- **DATA**
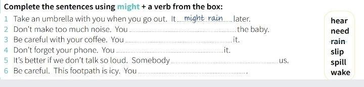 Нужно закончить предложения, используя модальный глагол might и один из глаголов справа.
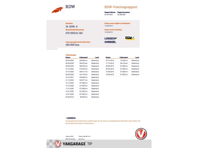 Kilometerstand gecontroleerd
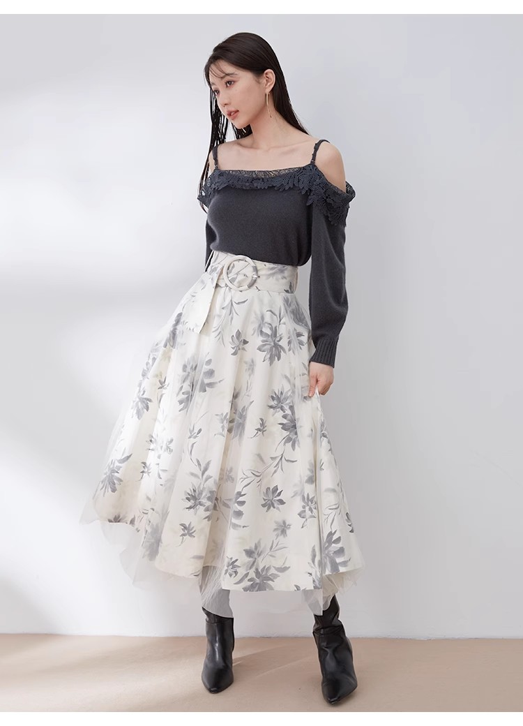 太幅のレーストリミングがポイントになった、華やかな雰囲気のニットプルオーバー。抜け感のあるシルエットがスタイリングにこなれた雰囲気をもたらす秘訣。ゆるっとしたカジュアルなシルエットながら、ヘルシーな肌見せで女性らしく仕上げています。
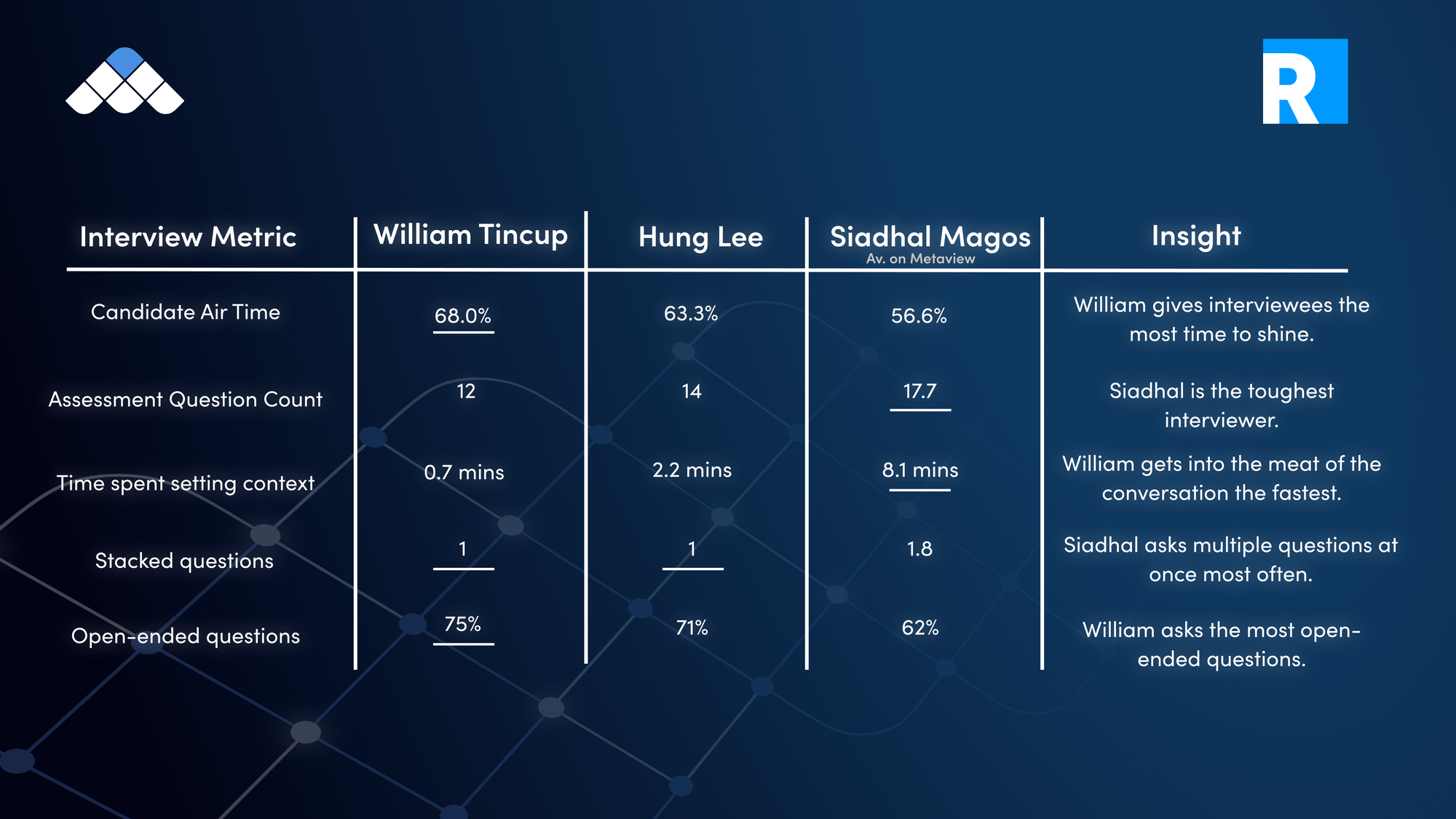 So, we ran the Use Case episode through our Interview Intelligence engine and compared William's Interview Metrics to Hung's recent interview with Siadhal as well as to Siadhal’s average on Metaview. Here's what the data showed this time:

- **TASK DESCRIPTION**
Nothing but the lines from the one holding "太幅のレーストリミングがポイ" through the last line of the listing should appear in the answer, copied exactly and without pictures.

- **TASK RESPONSE**
 太幅のレーストリミングがポイントになった、華やかな雰囲気のニットプルオーバー。抜け感のあるシルエットがスタイリングにこなれた雰囲気をもたらす秘訣。ゆるっとしたカジュアルなシルエットながら、ヘルシーな肌見せで女性らしく仕上げています。
 So, we ran the Use Case episode through our Interview Intelligence engine and compared William's Interview Metrics to Hung's recent interview with Siadhal as well as to Siadhal’s average on Metaview. Here's what the data showed this time:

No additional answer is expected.